Material for the task:
+--

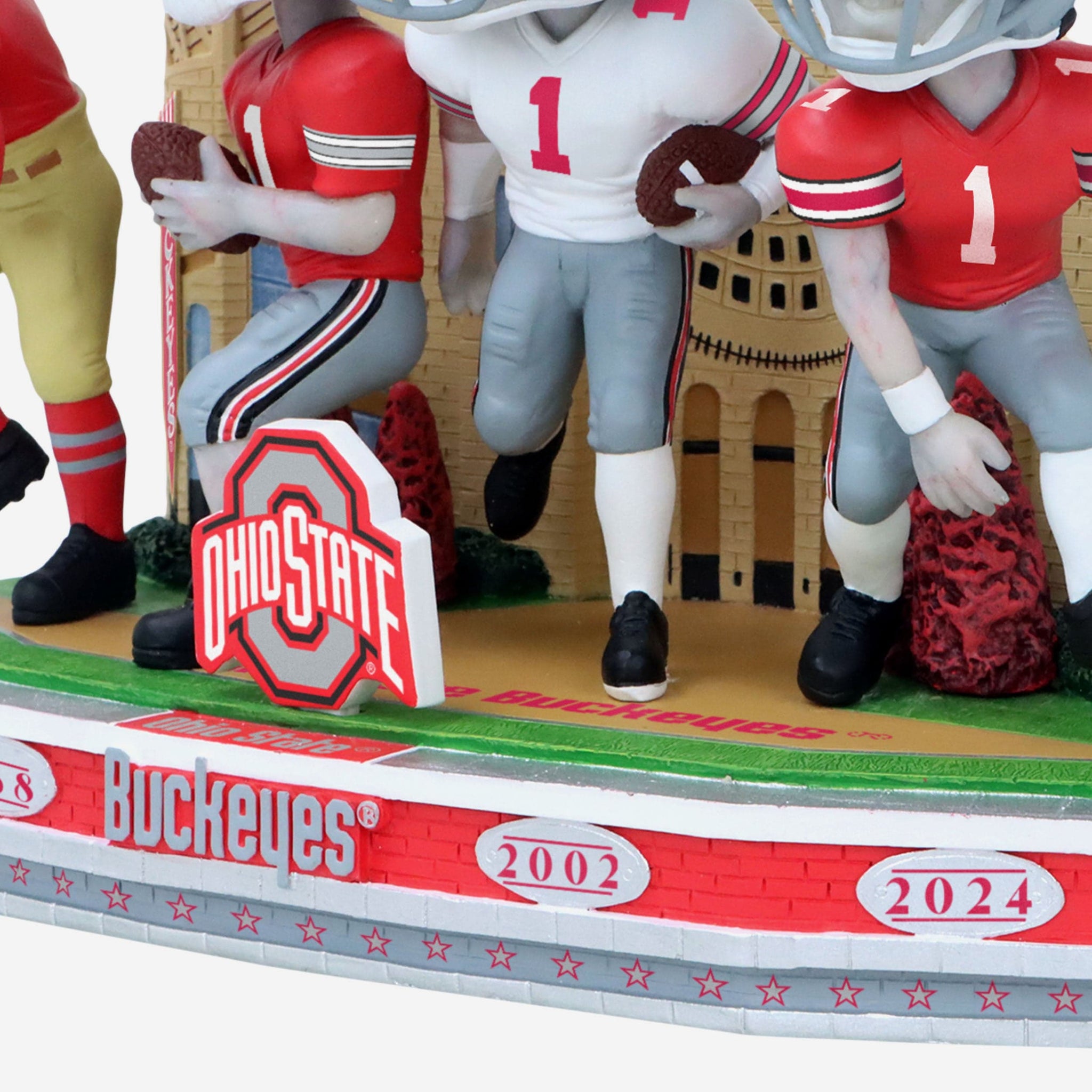 1917. 1968. 2002. 2024. Take a journey through time and relive the evolution of Buckeyes greatness with this Ohio State Buckeyes Football Uniform History Mini Bobblehead Scene.
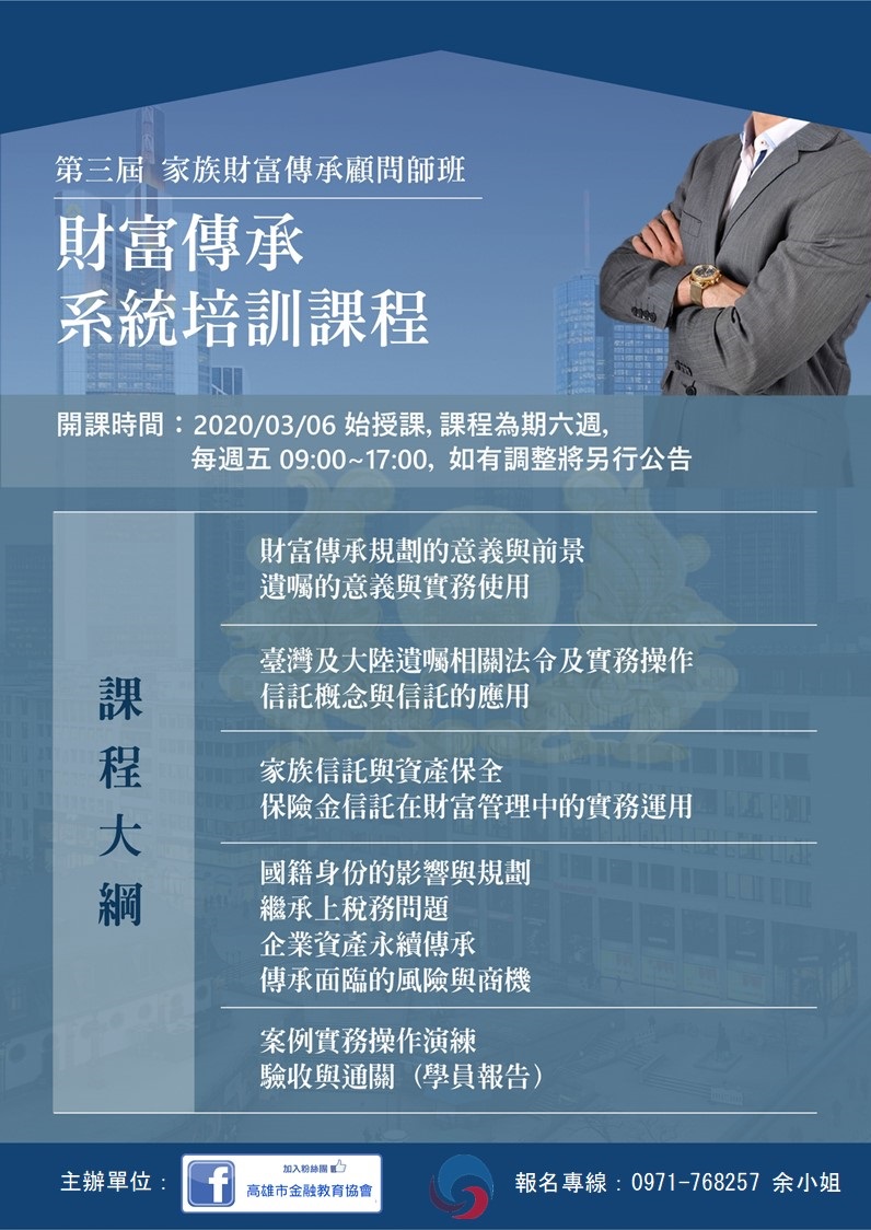 本課程主要針對在私人財富管理領域內,協助規劃家族財富的保全與傳承。
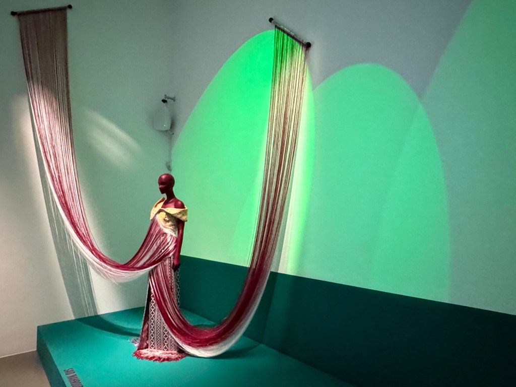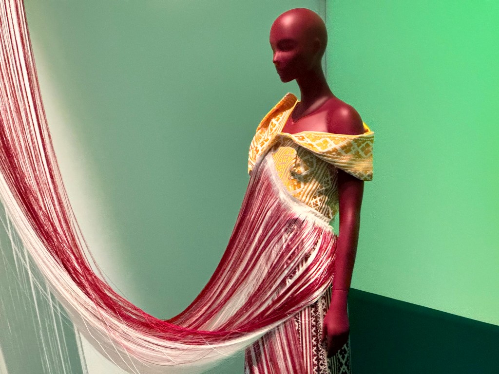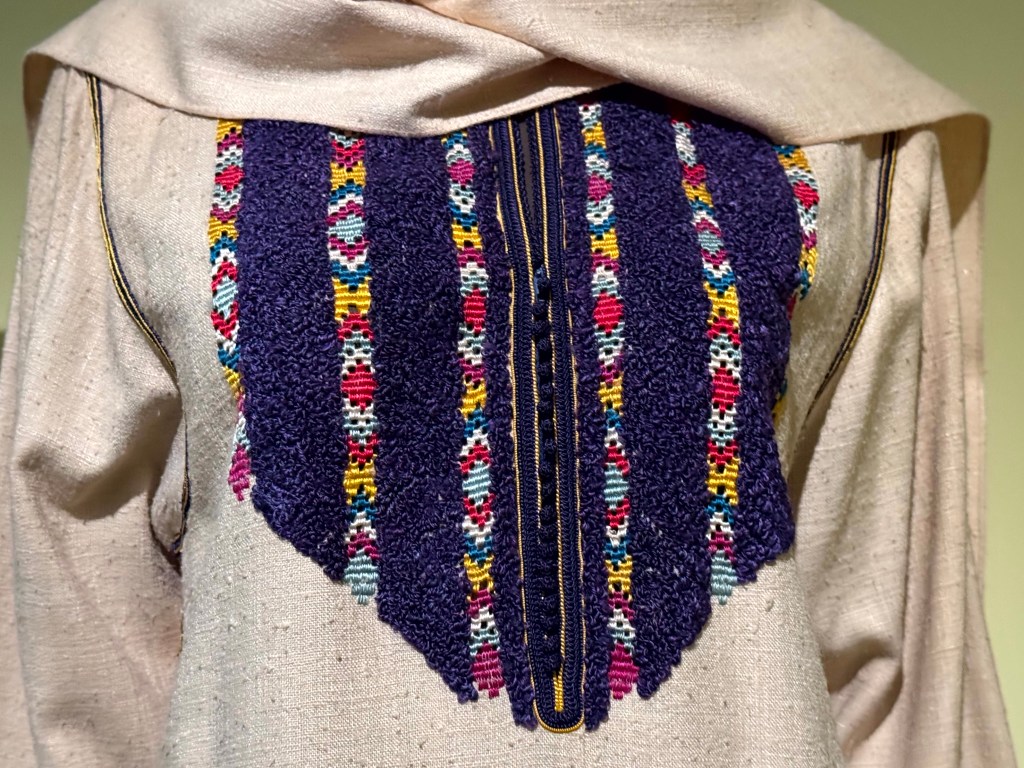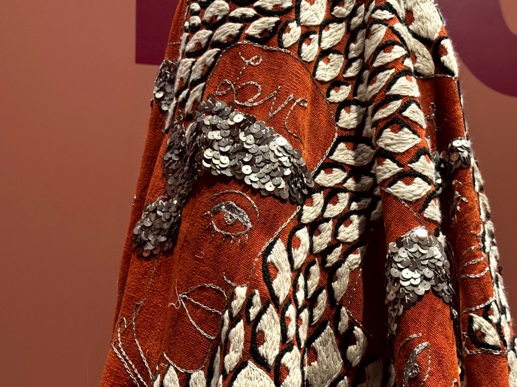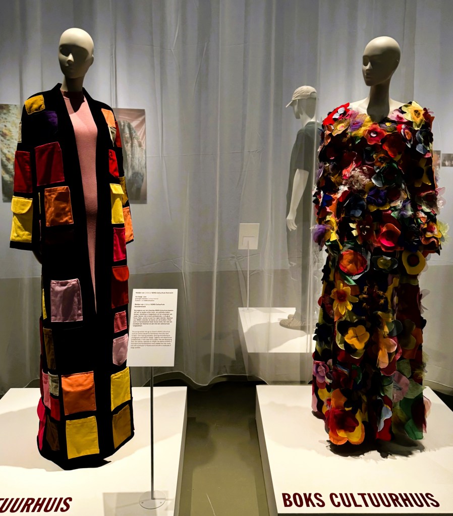 Het is geen bomvolle expositie – ook wel eens fijn- maar de kledingstukken die er staan, vertellen bijzondere verhalen. Mij raakte de combinatie van traditioneel ambacht met moderne kleding.
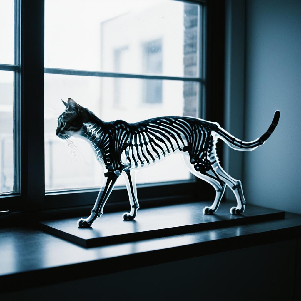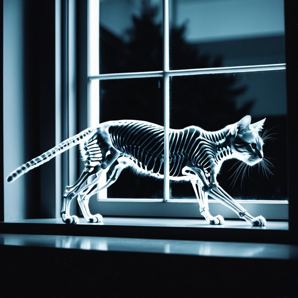 X-Ray artwork of a cat stretching on a windowsill, an indoor soft-focus room backdrop, detailed skeletal structure with soft luminescent accents
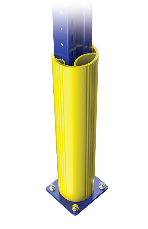 Zabezpiecza regały i półki paletowe od uderzeń wózków widłowych i innych pojazdów w celu zachowania nienaruszonego stanu regału, uniknięcia napraw lub awarii, a także w celu zmniejszenia strat towarów i zredukowaniu ilości wypadków przy pracy.
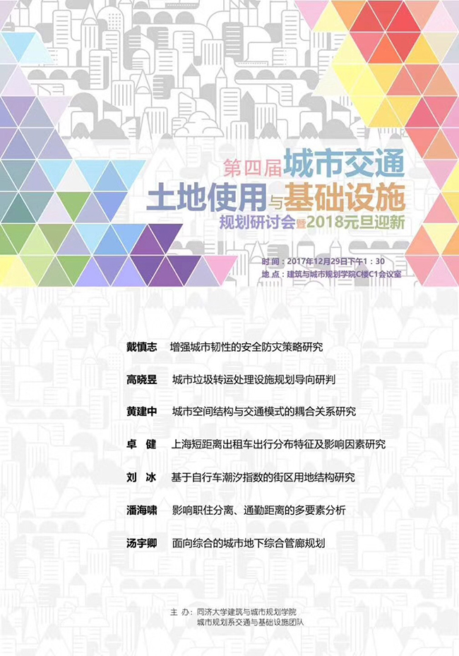 【12月29日 学术研讨会】第四届城市交通土地使用与基础设施规划研讨会暨2018元旦迎新
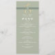 Contemporary, minimal, modern sage green wedding menu with simple calligraphy and elegant gold ampersand.
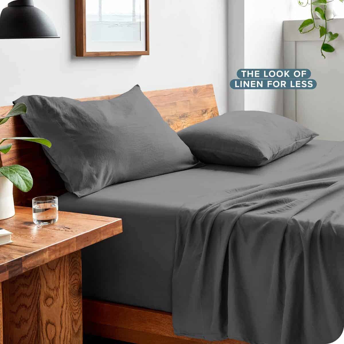1. SÁBANAS ULTRA SUAVES: Imagina la suavidad de tu camiseta vintage favorita, pero para tu cama. Nuestras sábanas de microfibra lavada pasan por un proceso único de acabado de tela para sentirse irresistiblemente suaves, creando una textura arrugada naturalmente relajada similar al lino. Aquí no hay telas crujientes ni rígidas. Completa tu look de ropa de cama con nuestro edredón lavado a juego y otros productos de Bare Home.
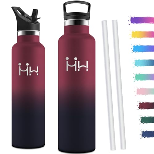 Motswedi Gourde Isotherme 1l, Froid&Chaud, sans BPA, Gourde Paille, 18/8 Acier Inoxydable, Bouteille d'eau, Réutilisable, Bouteille Isotherme, Thermos pour Randonnée, Bureau, Outdoor, Sport, Rouge
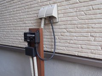 門袖にLIXILのプラスGファンクション機能付き(表札、ポスト、インターホンがセットになっている)のスクリーン(横フェンス)を合わせた仕様でセットいたしました。表札もLED照明にしてあります。 ダウンライト、表札等の照明は12Vを採用。100Vから12Vに変換し、消費電力を10分の1にして抑えています。変換器は建物に設置しないよう(壁に穴を開ける必要があるので)に配慮しています。支えている木材はアイアンウッドです。屋外でも数十年腐りません。
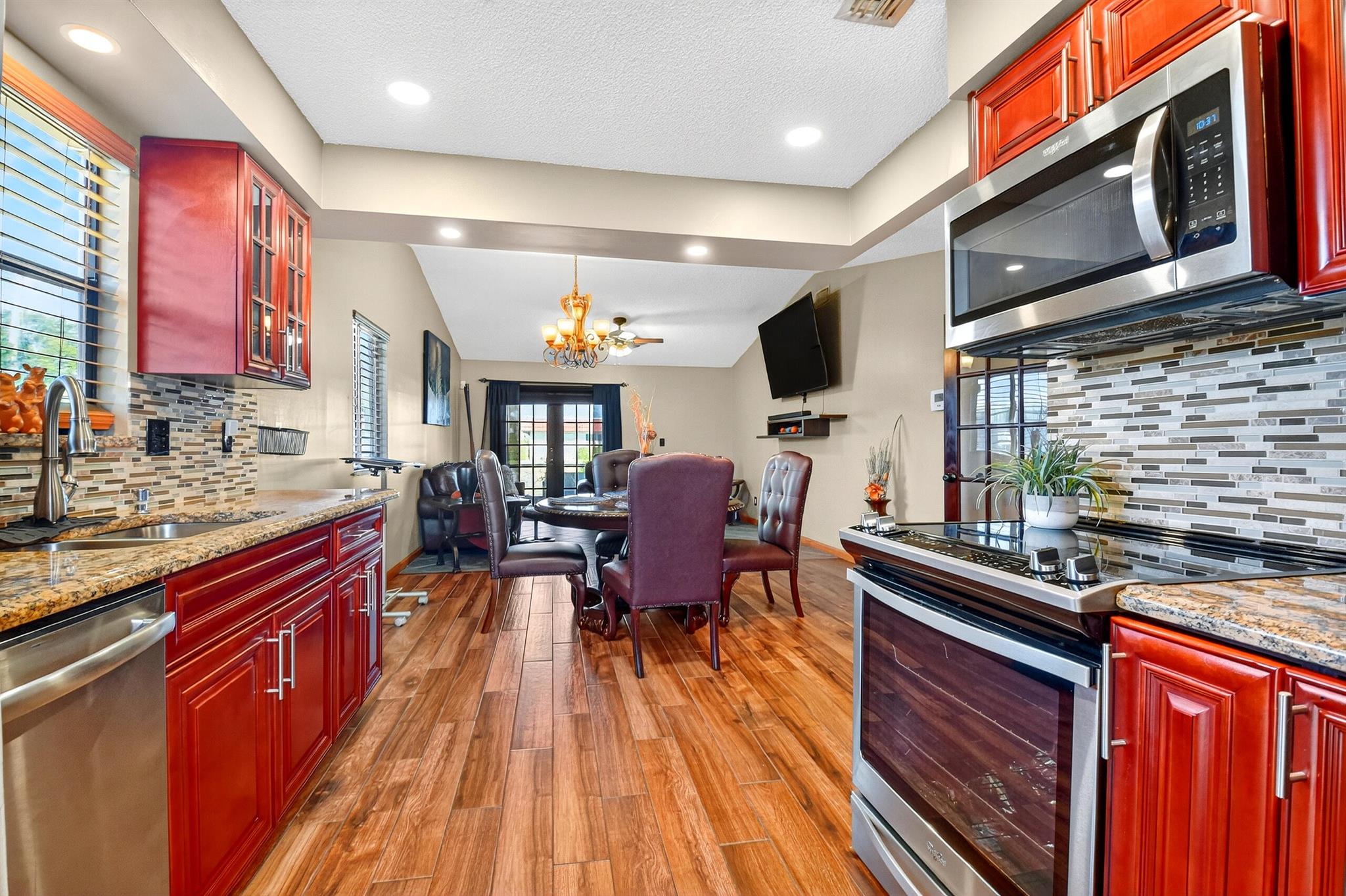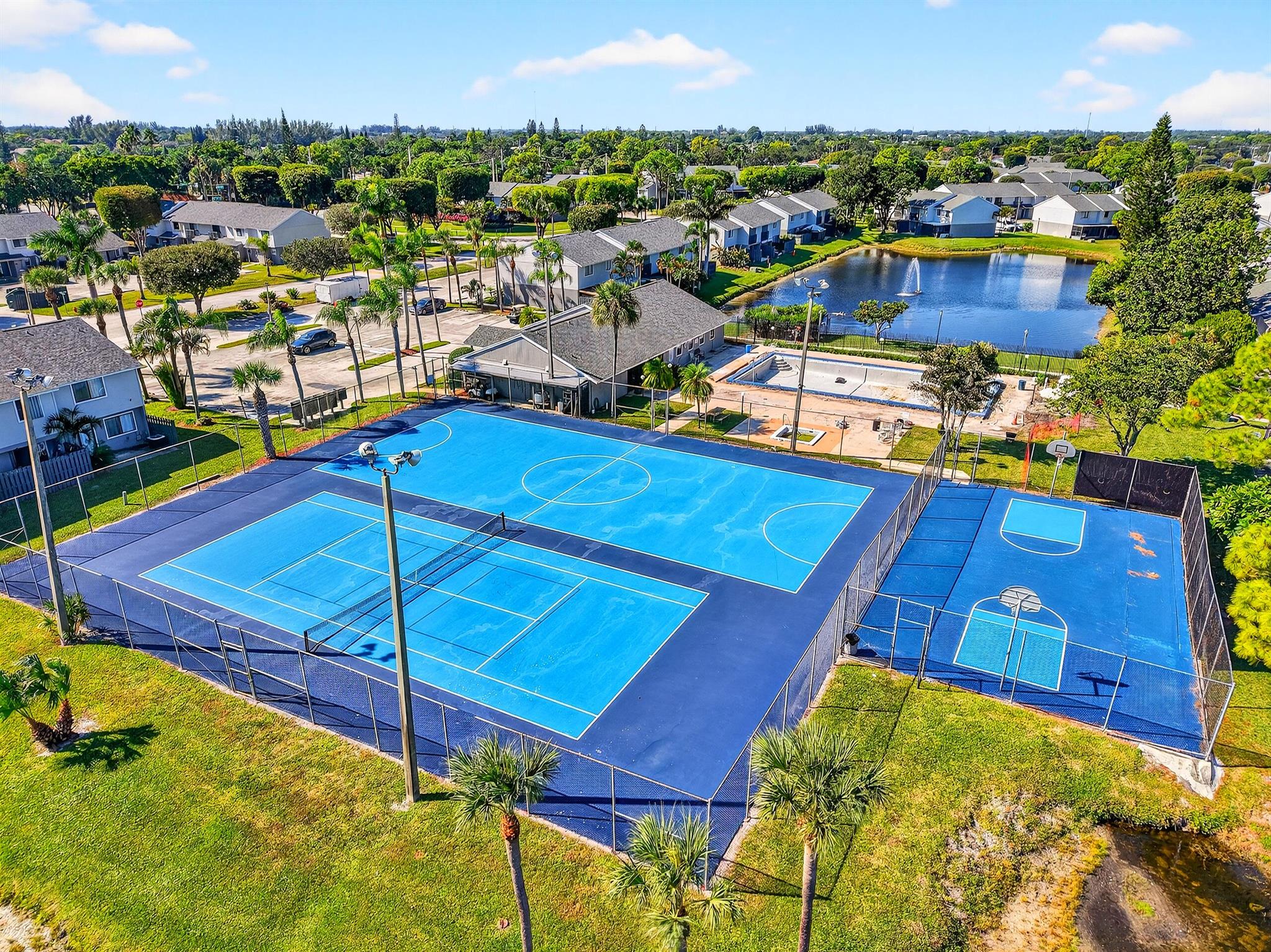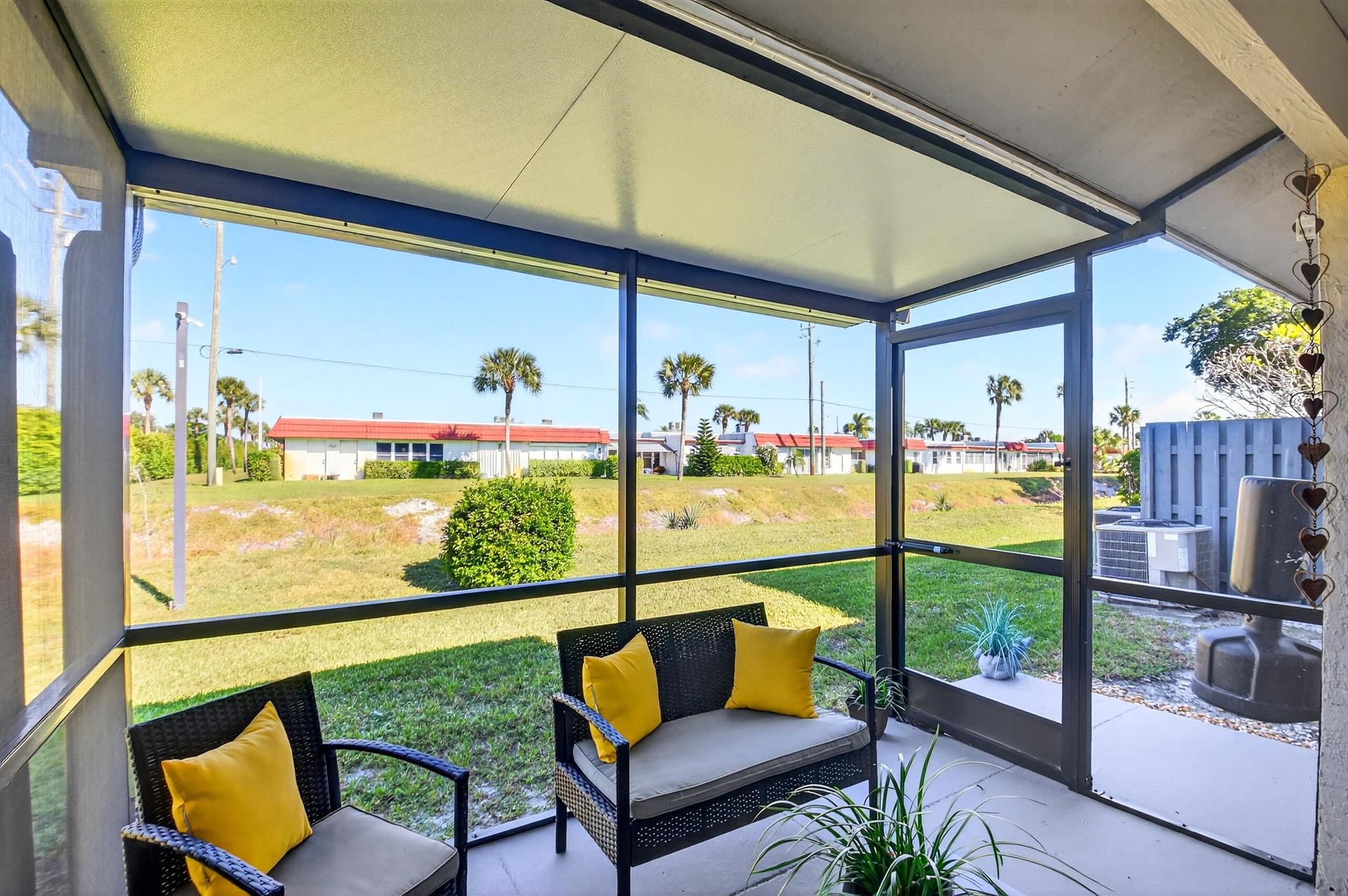 Beautiful upgraded end unit townhouse in centrally located community. As you enter this home, you will notice that it is meticulously maintained and features updated kitchen with high hat lighting, new cabinets and granite counter tops. The kitchen opens into the dining/living space which leads out to the screened patio. This end unit offers added privacy, which is great for entertaining Both bathrooms have been nicely renovated. It is tiled throughout with both bedrooms featuring large closets and ceiling fans. The community offers a pool, which is being renovated, as well as tennis/pickleball courts and a large club house. The unit has a front patio and a back screened in patio. The roof was replaced in 2023. Furniture is negotiable. TVs do not convey.

+--

Directions for this task:
Only the lines above from the one containing "X-Ray artwork of" through the one containing "門袖にLIXILのプラスGフ" should be returned, verbatim and inclusive, with pictures excluded.

Task response:
 X-Ray artwork of a cat stretching on a windowsill, an indoor soft-focus room backdrop, detailed skeletal structure with soft luminescent accents
 Zabezpiecza regały i półki paletowe od uderzeń wózków widłowych i innych pojazdów w celu zachowania nienaruszonego stanu regału, uniknięcia napraw lub awarii, a także w celu zmniejszenia strat towarów i zredukowaniu ilości wypadków przy pracy.
 【12月29日 学术研讨会】第四届城市交通土地使用与基础设施规划研讨会暨2018元旦迎新
 Contemporary, minimal, modern sage green wedding menu with simple calligraphy and elegant gold ampersand.
1. SÁBANAS ULTRA SUAVES: Imagina la suavidad de tu camiseta vintage favorita, pero para tu cama. Nuestras sábanas de microfibra lavada pasan por un proceso único de acabado de tela para sentirse irresistiblemente suaves, creando una textura arrugada naturalmente relajada similar al lino. Aquí no hay telas crujientes ni rígidas. Completa tu look de ropa de cama con nuestro edredón lavado a juego y otros productos de Bare Home.
 Motswedi Gourde Isotherme 1l, Froid&Chaud, sans BPA, Gourde Paille, 18/8 Acier Inoxydable, Bouteille d'eau, Réutilisable, Bouteille Isotherme, Thermos pour Randonnée, Bureau, Outdoor, Sport, Rouge
 門袖にLIXILのプラスGファンクション機能付き(表札、ポスト、インターホンがセットになっている)のスクリーン(横フェンス)を合わせた仕様でセットいたしました。表札もLED照明にしてあります。 ダウンライト、表札等の照明は12Vを採用。100Vから12Vに変換し、消費電力を10分の1にして抑えています。変換器は建物に設置しないよう(壁に穴を開ける必要があるので)に配慮しています。支えている木材はアイアンウッドです。屋外でも数十年腐りません。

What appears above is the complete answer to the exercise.